Череда судорог, три взвизга, конвульсивное подергивание плеча и головы… Немецкий попаа стоял, держа под мышкой “Зачарованные острова” Гонсалве. Цезальпинии соединяли над ним ветви с красными цветами, а за остроконечными панданусами бродил по пляжу Океан, мирно перекатывая белые полукружия.
– Когда я узнал, что вы приехали… я сказал себе: Кон, пора. Ты должен явиться… На регистрацию, как положено…
Панический взгляд расширенных глаз… Стремясь к совершенству образа, Кон подумал о Теллере, отце водородной бомбы, чтобы по коже побежали мурашки. Но было слишком жарко, пришлось удовольствоваться легкой пеной у рта – в искусстве Кон был за реализм.
– Двадцать пять лет я питался одними бананами, зарылся в землю, как крот… Но сумел продержаться, не дался нацистам… а все мои родные – сестра, отец, мать, братья… все… в Освенциме…
Тут Коном овладело что-то вроде пляски святого Витта.
– Освенцим! Освенцим! Освенцим!
Глаза его наполнились таким неописуемым ужасом, что немец увидел в них сразу все шесть миллионов еврейских трупов. Среди цветов слышалось томное воркованье горлиц. На Таити было мало птиц, и Бизьен решил завезти сюда этих чувственных пташек, чьи нежные излияния так хорошо сочетаются с представлениями о любви в эдеме.
Немецкий попаа побледнел как смерть. Стоя поодаль, садовник Мухуу наблюдал за ними с поливальным шлангом наготове; он догадывался, что происходит какое-то безобразие, и ждал лишь знака, чтобы вмешаться. Но Кон чувствовал себя в безопасности. Этот пожилой аристократ явно никогда не был нацистом. Поэтому расплачиваться придется именно ему.
Кон повихлял коленом, изобразив неизвестный медицине тик.
– Вы, конечно, спросите: а где обязательная желтая звезда? На это я отвечу: мы здесь в земном раю, и я хожу нагишом. Постановление о евреях предписывает носить желтую звезду на одежде, а не на голом теле. Вы, возможно, возразите, что правила изменились и теперь на голом теле тоже надо носить – в связи с общим прогрессом и еще потому, что Ферми, Эйнштейн, Оппенгеймер и Теллер – все были евреями, но я не знал, клянусь вам, не знал!

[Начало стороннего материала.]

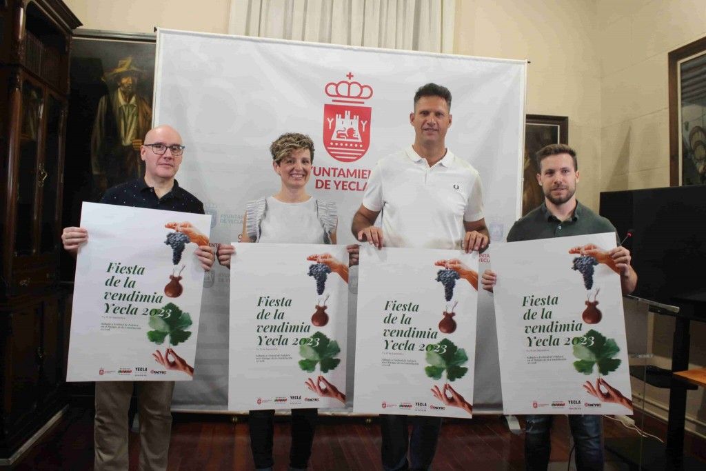 La concejala de Turismo, Isabel Pérez, y el concejal de Cultura, Daniel Jiménez, han presentado junto al presidente de Coros y Danzas de Yecla, José Manuel Gil, y del coordinador de la Ruta del Vino de Yecla, Rubén Soriano, la Fiesta de la Vendimia y Festival Nacional de Folclore de Ciudad de Yecla 2023, que se celebra durante los días 9 y 10 de septiembre, con la participación de los grupos Tajaraste, de Santa Cruz de Tenerife, Virgen del Rosario de Alhama de Murcia y Coros y Danzas de Yecla, ambos de la Asociación Regional Francisco Salzillo.

Если этот сукин сын с добрым чутким лицом вообразил, будто достаточно заплатить за билет и снять красивую виллу, чтобы укрыться от цивилизации, то он просчитался.
– Все это кончилось, – дрожащим голосом произнес немец, – давно кончилось…

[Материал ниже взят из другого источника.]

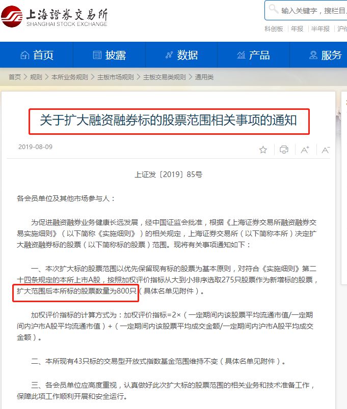 昨日,上交所发布《关于扩大融资融券标的股票范围相关事项的通知》,通知表示,本次扩大标的股票范围以优先保留现有标的股票为基本原则,对符合规定的上交所上市A股,按照加权评价指标从大到小排序选取275只股票作为新增标的股票,扩大范围后本所标的股票数量为800只。

У Кона мелькнула мысль, что этот невинный, чистый человек может отказаться платить, но он тут же пристыдил себя за то, что плохо думает о людях.
– Как хорошо, что вы приехали, – воскликнул он. – Я уже не мог больше ждать и бояться, я устал… Двадцать пять лет я жду, что за мной придут…
Из его горла вырвался утробный крик затравленного животного – двуногого разумеется. Он на миг застыл, выпучив глаза, с перекошенным ртом, потом встряхнулся и огляделся по сторонам, словно выйдя из транса.
– Я живу тут рядом, – прошептал он. – Мы соседи… Если вам что-то будет нужно… Кон, Моисей Кон… Я просто хотел поприветствовать вас в земном раю…
Он повернулся и двинулся прочь как сомнамбула.
Меева дожидалась его под пальмами. Он оделся.
– Ну как, Чинги? За сколько он купил твою картину?
– О черт! – взвыл Кон.
Он совершенно забыл про деньги. Так часто случалось, когда им владело подлинное вдохновение. Ладно, наплевать! Может же человек иногда поработать задаром, просто из любви к искусству.
XIV. Американская трагедия
В тот вечер, около полуночи, лежа рядом со спящей Меевой, Кон почувствовал непреодолимое искушение предаться старому пороку. Он встал, пошел на кухню, зажег масляную лампу. На нее тут же слетелся рой мотыльков, и они ринулись прямо в огонь, видимо приняв его за свет цивилизации. Кон немного помедлил, борясь с собой. Это было нарушением всех клятв, которые он себе давал, всех обетов воздержания и его собственной персональной бессрочной забастовки, которую он до сих пор успешно держал. Кон вышел, вгляделся в ночные полутени. Никого. Он вернулся в фарэ, взял карандаш, бумагу… До зари он предавался чистой радости, без всякого риска, без страха перед последствиями. К четырем часам утра карандаш выпал у него из рук, он собрал исписанные листки и перечитал. Получилось очень красиво. Он улыбнулся, еще раз оглядел оставшийся на бумаге след того, кем он был в действительности, потом разорвал все на мелкие кусочки и выбросил в уборную. Затем отправился в кафе старого Папеа, вытащил того из постели, и они вдвоем до смерти напились – Кон от отчаяния, а Папеа без всякой уважительной причины. Около шести Кон попытался добраться до дому, но рухнул посреди дороги на Пунаауиа и заснул под созвездием Пса, сиявшим над его головой своим вечным светом.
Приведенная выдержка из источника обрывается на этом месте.